Top of Source material

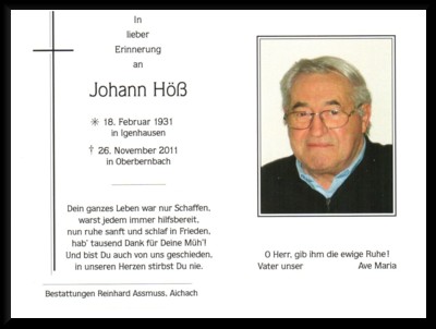 Die Vereinigten Schützen Oberbernbach nehmen Abschied von ihrem Mitglied Herrn Johann Höß.
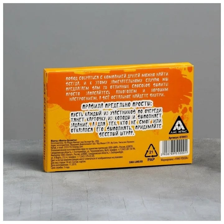 Купить игра для компании "фанты буханты" 20 карт от 100 руб. с доставкой до пункта выдачи в Симе. Интернет магазин ДекаМаркет. Оплата при получении.
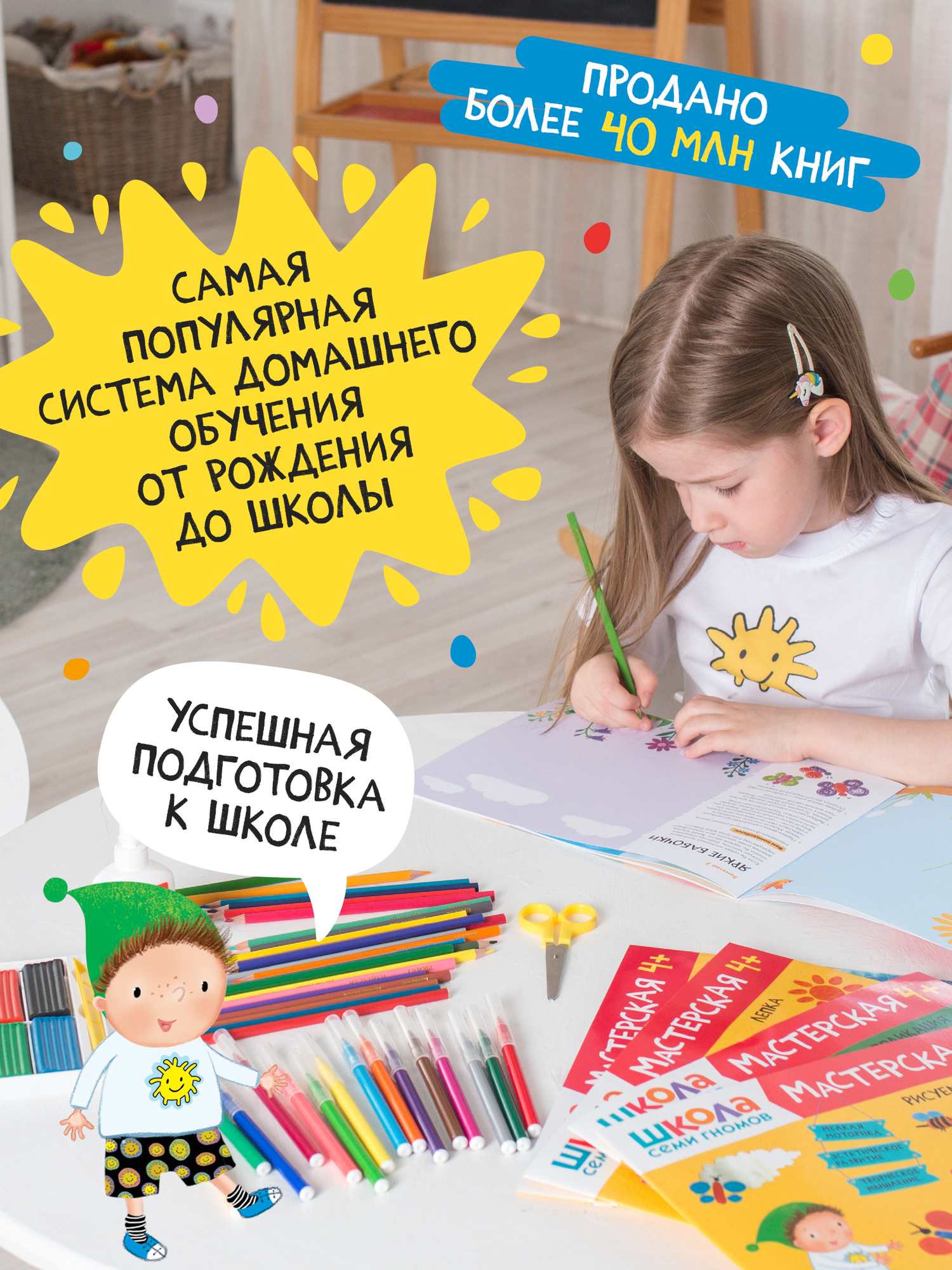 «Школа Семи Гномов. Мастерская 4+» представляет собой увлекательный набор альбомов с занятиями для детей от 4 до 5 лет. С этим подарочным комплектом ваш ребенок откроет мир развивающих занятий и творчества. Пошагово, с увеличением сложности заданий, малыш погрузится в мир творчества, создавая уникальные поделки. Всего в программу комплекта входит 5 развивающих альбомов, по которым ребенок изучит разные виды творчества: аппликация, декоративное творчество, лепка, рисование карандашами и красками.

Bottom of Source material

Goal of the exercise → None of the pictures should be reproduced; all other material above must be set down exactly.

Result →
 Die Vereinigten Schützen Oberbernbach nehmen Abschied von ihrem Mitglied Herrn Johann Höß.
 Купить игра для компании "фанты буханты" 20 карт от 100 руб. с доставкой до пункта выдачи в Симе. Интернет магазин ДекаМаркет. Оплата при получении.
 «Школа Семи Гномов. Мастерская 4+» представляет собой увлекательный набор альбомов с занятиями для детей от 4 до 5 лет. С этим подарочным комплектом ваш ребенок откроет мир развивающих занятий и творчества. Пошагово, с увеличением сложности заданий, малыш погрузится в мир творчества, создавая уникальные поделки. Всего в программу комплекта входит 5 развивающих альбомов, по которым ребенок изучит разные виды творчества: аппликация, декоративное творчество, лепка, рисование карандашами и красками.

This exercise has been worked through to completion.